A study led by researchers at the University of Massachusetts Medical School has used a small interfering RNA (siRNA) to reduce preeclampsia symptoms in an animal model. This approach could provide a new way of treating preeclampsia in humans.
Hakat | Shutterstock
At around 20 weeks of pregnancy, women with preeclampsia develop high blood pressure and excess protein in the urine (proteinuria).
If the condition is severe, blood platelet counts fall, red blood cells break down, kidney and liver function becomes impaired and the lungs fill with fluid, causing breathing difficulties and posing a risk to both mother and baby.
The symptoms of preeclampsia are the result of a defect in the placenta that is associated with increased circulating levels of a protein called sFLT1, which serves as an on/off switch for the inhibition of new blood vessel growth.
Currently, preeclampsia cannot be cured or adequately treated and the only therapeutic option is to give birth to the baby and pass the placenta.
Professor of RNA therapeutics and study leader Anastasia Khvorova says that for women with preeclampsia, being able to carry their baby for just a few more weeks has a significant benefit in terms of health outcomes for the baby:
Thanks to rapid advances in siRNA, we’ve developed an siRNA that displays the potential to allow women with preeclampsia to extend their pregnancy from 24 or 25 weeks to as long as 30 weeks, greatly improving outcomes for the infant.”
Professor Anastasia Khvorova, Study Leader
As reported in the journal Nature Biotechnology, the researchers used the siRNA to reduce blood levels of sFLT1 in pregnant mice.

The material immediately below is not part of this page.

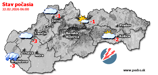 Stav počasia - Slovensko (22.02.2026 o 6.00 hod.)
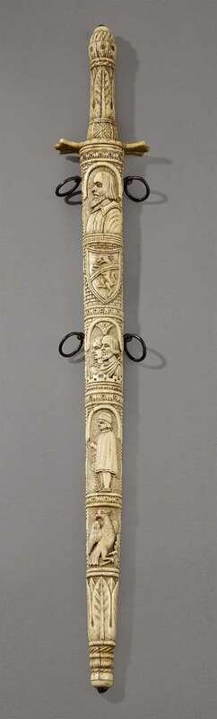 The foliate carved hilt issuing a double edged blade, the scabbard of sectional construction carved with crests and profile portrait medallions, with applied metal hanging rings.

By using the compounds to target and degrade some of the messenger RNAs needed to code for the protein, the team reduced circulating levels of sFLT1 by up to 50%.
In collaboration with researchers at Sydney University Medical School, the researchers then tested the strategy in pregnant baboons, an established animal model for preeclampsia in humans. They found that just one injection of siRNA decreased circulating sFLT1 and reduced high blood pressure and proteinuria.
Khvorova says that six years ago this would not have been possible and that scientific advances enabling the chemical stabilization and production of siRNAs so that they can be delivered to tissues has led to rapid advances in these compounds: “The preeclampsia compounds we are developing are an example of what siRNA can do and how far they’ve come.”
The next step for researchers will be to secure funding for studies to further optimize the configuration of these compounds and to test their safety before approaching the U.S Food and Drug Administration for an investigational new drug application.